Jeff Parker | Sarrell Dental
New business models: Combining business savvy with a culture of care to expand access to dental care for low-income kids.
A business executive by trade, Jeff is proving that diligent measures of efficiency and management can achieve a viable non-profit model of dentistry. This breakthrough is making dental care accessible to the more than 14 million children on Medicaid who currently go without any oral health care. Relatively few dentists participate in Medicaid arguing that their businesses wouldn’t stay afloat in the face of low reimbursement rates, tedious paperwork, and “no-show” clients.. Jeff is dispelling these myths with the first viable nonprofit model of dentistry that separates care management from care delivery. The model employs extensive community outreach, improved efficiency, cost-cutting business practices, and a strong "Culture of Care" with commitment to transparency. Sarrell Dental has been able to manage 145,000 patient visits every year across 14 rural and low-income communities in Alabama, and is poised to expand to Kentucky in 2014.
Emily May | Hollaback!
Stories and technology: Creating a modern-day movement to end street harassment.
Sexual harassment in the workplace is a punishable offense: Yet when it comes to public space, the same behaviors we refuse to tolerate in a workplace are an accepted daily reality for many. Emily May is doing to street harassment what the women's movement of the 1970's and 1980's did to workplace harassment. By using tools of the 21st century, Hollaback! is exposing street harassment and building tools to effectively report and address it. Using social media and crowd-sourcing technology, she has created a real-time response to street harassment, allowing victims to anonymously share their story online or via a smartphone app.
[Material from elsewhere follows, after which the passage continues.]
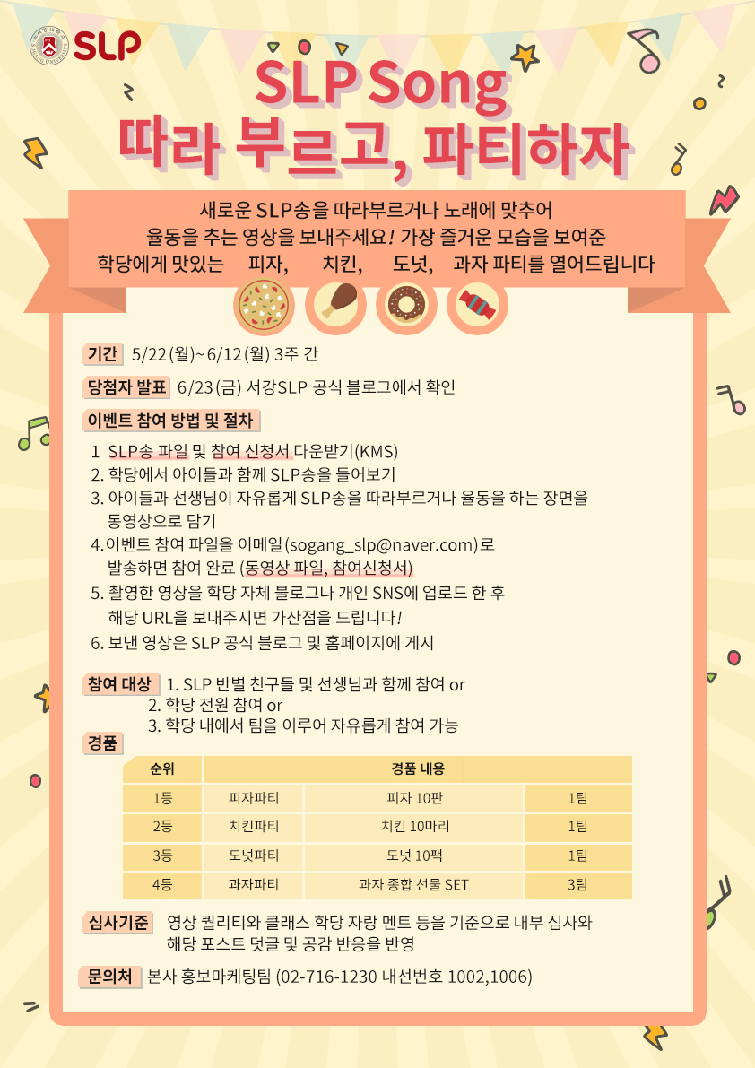 SLP Song 따라 부르고 파티하자 이벤트! 새로운 SLP Song을 따라부르거나 노래에 맞추어 율동을 추는 영상을 보내주세요! 가장 즐거운 모습을 보여준 팀에게 피자, 치킨, 도넛, 과자 파티를 열어드립니다 ♥ 자세한 사항은 블로그를 참고해주세요!

The result is an immediate feeling of agency among victims and a shared understanding that they aren’t alone – but more importantly, a growing data set that includes the incident's location, which Emily and her team are using to shift the way we look at street harassment. Hollaback! is growing a global movement to end sexual harassment in the public space, with active chapters in 65 cities and 22 countries and growing.